Son dönemde de ‘Madalyonun İçi’ kitabından uyarlanan ve bir kliniğe gelen hastaların hikâyelerinin anlatıldığı ‘Kırmızı Oda’ izlenme oranlarıyla dikkat çekiyor. Hemen ardından aynı kitaptan uyarlanan ‘Masumlar Apartmanı’ dizisi kelimenin tam anlamıyla patladı.
Bir de milyonlarca kez izlenen ve yine insan psikolojisini baz alan YouTube programları var. Bu programların kiminde ‘öteki’lerin hayat hikâyelerine şahit olarak gözyaşları içerisinde empati duygumuzu geliştiriyor, kiminde mutluluğun formülünü öğrenip kendimize yol haritası çiziyor, kimindeyse davranışlarımızın nedenlerini, bilinçaltımızı sorgulayıp kendimizi suçlamaktan vazgeçebiliyoruz...
Etik tartışması
Bugün, düşük veya orta gelir seviyesindeki birinin düzenli bir psikolog veya psikiyatr terapisini karşılaması çok zor. Bu nedenle sözkonusu programlar ‘ücretsiz terapi’ olarak yorumlanabiliyor. Gelgelelim buraya kadar anlattıklarımıza itirazı olan uzmanlar da var!

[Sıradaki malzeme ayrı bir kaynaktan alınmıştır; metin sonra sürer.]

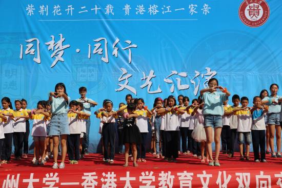 贵大新闻网讯(赵心悦 摄影报道)7月23日下午,“同梦·同行”贵州大学——香港大学教育文化双向交流活动文艺汇演在寨蒿镇太平小学操场举行。榕江县委常委、宣传部部长龙胜能,副县长、教育局局长陈尚京等相关领导,我校党委宣传部部长杨楠、历史与民族文化学院院长张清等相关部门负责人出席文艺汇演现场。
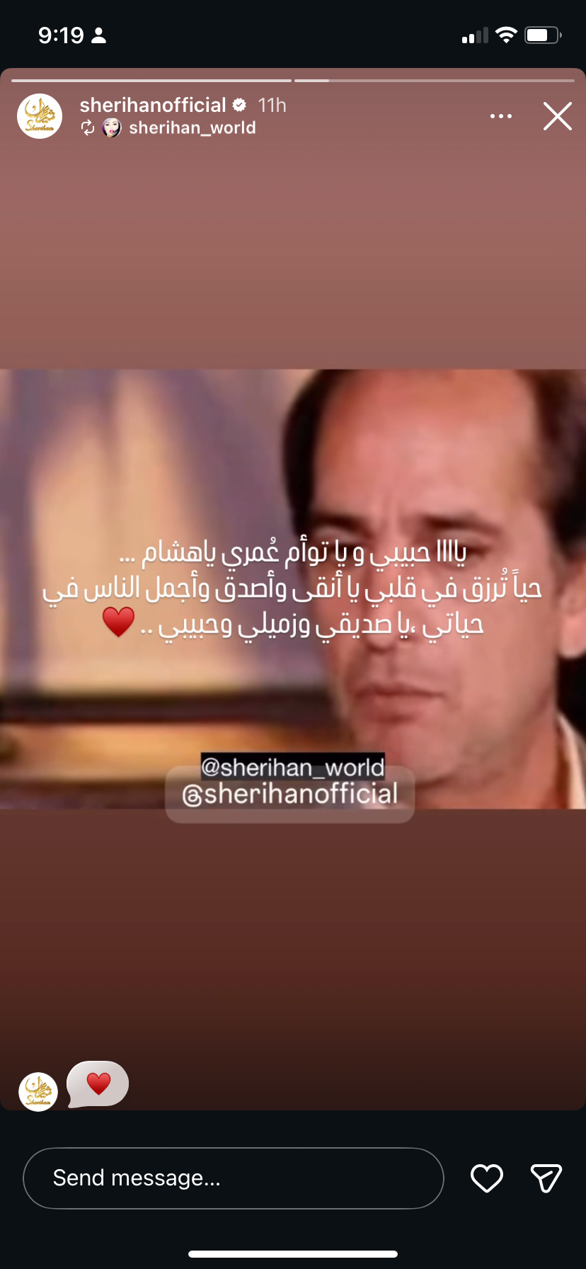 وعلقت شريهان على الفيديو بكلمات مؤثرة، قائلة: "يا حبيبى ويا توأم عمرى يا هشام... حيًا ترزق فى قلبى يا أنقى وأصدق وأجمل الناس فى حياتى، يا صديقى وزميلى وحبيبي".

Özellikle Gülseren Budayıcıoğlu’nun kitaplarından uyarlanan yapımlar hakkında psikolog ve psikiyatrlardan ciddi eleştiriler geliyor. “Terapi seansları böyle olmaz, halk yanıltılıyor” diyen de var, “Gerçek isimleri verilmese bile hasta hikâyelerinin bu şekilde paylaşılması etik dışı” diyen de...

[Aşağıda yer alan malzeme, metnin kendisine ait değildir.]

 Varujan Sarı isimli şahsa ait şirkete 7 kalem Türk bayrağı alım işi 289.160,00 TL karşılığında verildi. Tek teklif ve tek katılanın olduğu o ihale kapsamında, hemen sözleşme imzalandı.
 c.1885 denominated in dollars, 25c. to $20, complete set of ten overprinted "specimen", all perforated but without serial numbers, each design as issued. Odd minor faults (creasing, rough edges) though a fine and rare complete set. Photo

Biz de insan psikolojisini temel alan bazı yapımların yaratıcılarını ve ayrıca Türkiye Psikiyatri Derneği’nden bu yapımlara yönelik eleştirilerini dinledik.
PSİKİYATRA GİTMEYE ÖNCE BÜYÜK ŞEHİRLİLER DEĞİL, ANADOLU İNSANI BAŞLADI
Psikiyatr, yazar ve sunucu Dr. Gülseren Budayıcıoğlu, kitaplarından uyarlanan diziler hakkında konuştu ve kendisine yöneltilen eleştirileri de yanıtladı.

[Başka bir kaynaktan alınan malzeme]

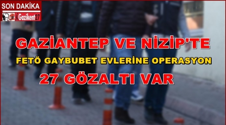 Gaziantep ve Nizip'te FETÖ/PDY soruşturması kapsamında, örgüt üyelerinin "gaybubet evleri" olarak adlandırdıkları evlere düzenlenen operasyonlarda 27 kişi gözaltına alındı.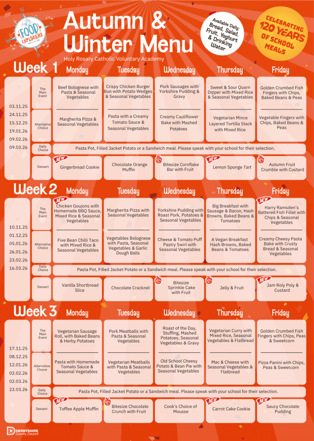 Please contact the school if you are unsure about the arrangements for meal times at Holy Rosary.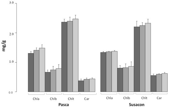 Chlorophyll content for chlorophyll a, chlorophyll b, total chlorophyll and carotenoids in 50 purple passion fruit genotypes grown across two environments, Pasca at 1800 m a.s.l. and Susacón at 2500 m a.s.l. The genotypes were grouped according to their origins as: commercial cultivars (n = 8, dark gray bar), genebank accession (n = 8, medium gray bar), and landraces (n = 34, light gray bar). Error bars indicate the standard deviation.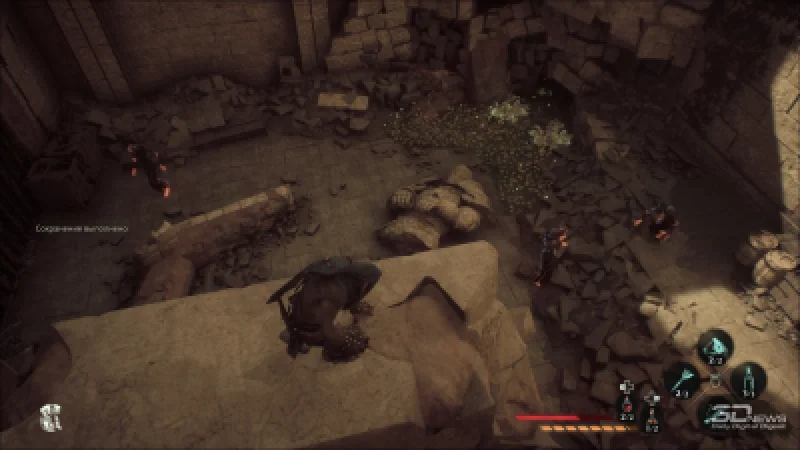 Начало третьей части явно стремится произвести впечатление дорогой постановки. Оказывается, голем не был окончательно побежден. Отложив взаимные претензии, Стикс взбирается на колосса, подобно Кратосу из God of War 3. Он проникает внутрь, уничтожает его сердце и спешно ретируется, пока каменное чудовище не обрушилось на него. Звучит динамично, но на практике пробежка по унылому коридору в сопровождении скромных визуальных эффектов — зрелище не самое впечатляющее. К счастью, это не определяет общее впечатление от игры.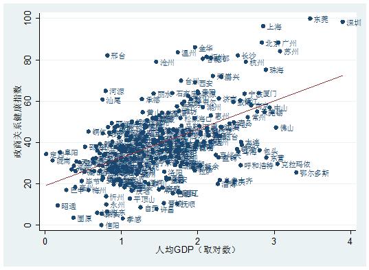 表4 城市级别与政商关系(5)从收入上看,经济发展水平越高的地方,政商关系得分越高。数据分析表明,政商关系健康指数与人均GDP的相关系数高达0.53(如图2)。

Okuma-yazması bile olmayan bir kadının ya da ‘maço’ deyip geçtiğimiz pek çok erkeğin duygu dünyaları sanıldığından çok daha derin. Ama bu duygular yeterince ifade edilemiyor. Bir yanımız dağları devirecek kadar öfkeliyken bir yanımız sevecen, merhametli ve çok kırılgan.
Uygarlaşma şiddeti önleyemedi maalesef
Eskiden koca bir denizden her bir kum tanesini tek tek çıkarmaya uğraşırken şimdi, yazdığım kitaplar ve bunlardan uyarlanan diziler sayesinde kendimi bu konuda hiç yalnız hissetmiyorum. O kumları avuç avuç, hep birlikte çıkarıyor ve birbirimizi hızla keşfediyoruz. Her bir karakterin bir yerlerinde önce kendimizle, sonra da yakınlarımızla karşılaşıyor, onları anlamaya başlıyoruz. Psikiyatride ‘empati’ dediğimiz şey tam olarak bu işte... Ve terapi de empatiyle başlar.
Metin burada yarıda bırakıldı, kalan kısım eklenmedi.